If you followed pops recipe making the seasoning, then used 1/2 oz. / 14 grams per pound, the salt content would be about 2.2%.....  that's pretty mild compared to some recipes for salt...  1/2 oz. is just under 1 Tbs. from the chart I see....   but then it depends on which salt you used also....  some are twice as dense as others...


----------



## worktogthr (Mar 12, 2015)

For this recipe did you use kosher salt or table salt?  Thanks!!!


----------



## beefy bill (Mar 13, 2015)

Been looking for this recipe! Thanks!


----------



## unclesmokie (Oct 26, 2015)

OK, got the recipes and amounts of different spices and I'm sure there are many ideas on the % of pork to the venison.  I have

heard anywhere from 25 to 60% pork...my plan is 1/3 pork to venison.  I use 10% pork ends to all my burger and that works great for me.

unclesmokie


----------



## driedstick (Oct 26, 2015)

I will have to give this a shot. Thanks Pops!!

DS


----------



## roller (Nov 22, 2015)

Ive been making it from the start and its still the best breakfast sausage Ive ever had..Making some tonight..


----------



## DanMcG (Nov 22, 2015)

What size grinder plate does everyone prefer to use for sausage patties?


----------



## stovebolt (Nov 22, 2015)

I grind it once through the fine plate on my Kitchener. I like to add a touch more sage and a touch of red pepper flakes.

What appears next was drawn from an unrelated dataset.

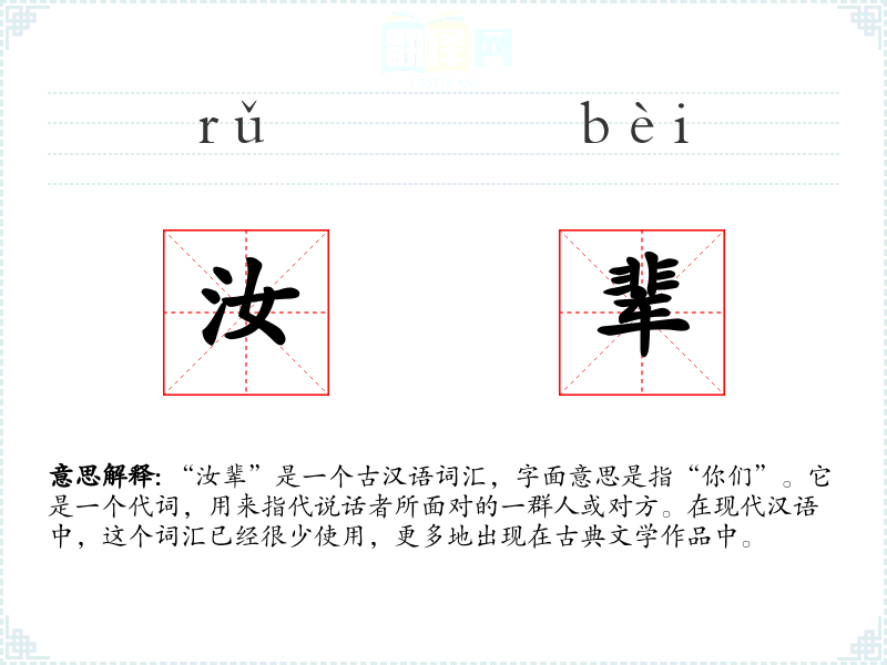 “汝辈”是一个古汉语词汇,字面意思是指“你们”。它是一个代词,用来指代说话者所面对的一群人或对方。在现代汉语中,这个词汇已经很少使用,更多地出现在古典文学作品中。

  Thanks for the recipe Pops.

Chuck


----------



## kawboy (Nov 22, 2015)

unclesmokie said:


> OK, got the recipes and amounts of different spices and I'm sure there are many ideas on the % of pork to the venison.  I have
> 
> heard anywhere from 25 to 60% pork...my plan is 1/3 pork to venison.  I use 10% pork ends to all my burger and that works great for me.
> 
> unclesmokie


I'm curious about this as well. I use 20 percent pork in my summer sausage, would that be too little in breakfast sausage?


----------



## dirtsailor2003 (Nov 22, 2015)

DanMcG said:


> What size grinder plate does everyone prefer to use for sausage patties?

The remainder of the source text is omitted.